Liz Pelly, writing for Harper’s Magazine, details how Spotify has quietly been swapping music by well-known artists from its playlists with tracks it commissioned from unknown artists:
Before the year was out, the music writer David Turner had used analytics data to illustrate how Spotify’s “Ambient Chill” playlist had largely been wiped of well-known artists like Brian Eno, Bibio, and Jon Hopkins, whose music was replaced by tracks from Epidemic Sound, a Swedish company that offers a subscription-based library of production music—the kind of stock material often used in the background of advertisements, TV programs, and assorted video content. […]
Spotify, I discovered, not only has partnerships with a web of production companies, which, as one former employee put it, provide Spotify with “music we benefited from financially,” but also a team of employees working to seed these tracks on playlists across the platform.
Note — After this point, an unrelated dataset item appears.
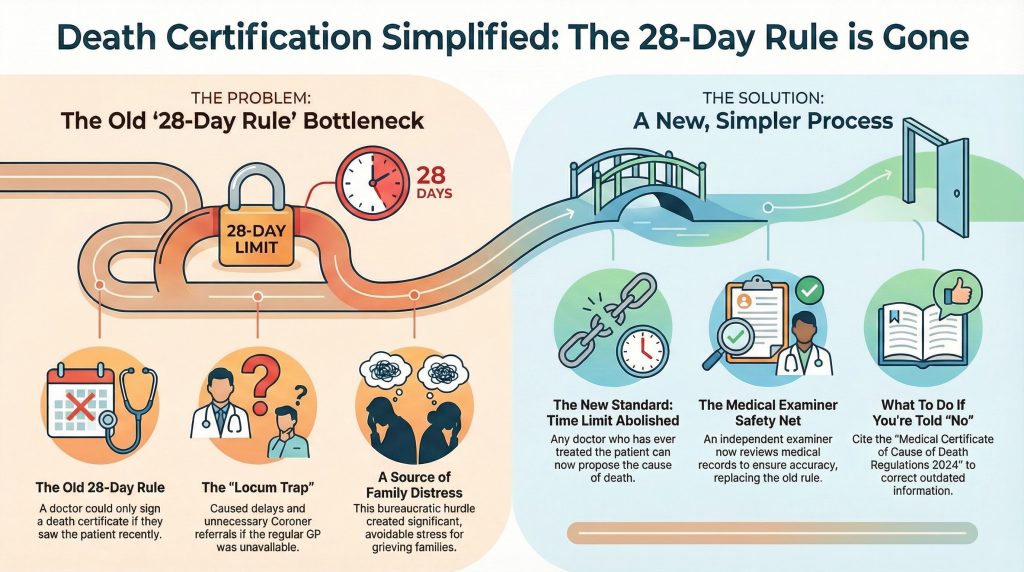 One of the most frequent causes of distress for grieving families is being told: “The GP can’t sign the death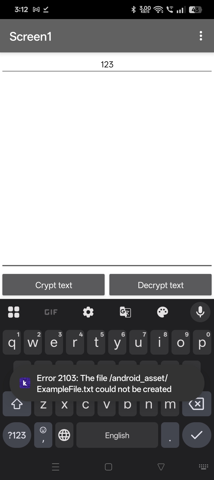 did you modify anything in the file I sent you or did you simply try to write and encrypt it?

In doing so, they are effectively working to grow the percentage of total streams of music that is cheaper for the platform. The program’s name: Perfect Fit Content (PFC).
Replacing real music with tracks they own and have produced allows them to spend less in royalties.
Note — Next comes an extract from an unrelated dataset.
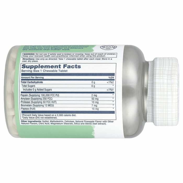 Solaray Ферменты папайи Натуральный ананас, 180 табл

This should really surprise no one. Spotify has been open about its desire to always be there, in the background. Their own internal research shows most of their users just want background noise, and don’t care about what’s being played. They have at no point shown much regard for music itself — they promote what works for advertising, itself the sole reason why they got into podcasting. I’m not sure Rachmaninoff can be of any use to them.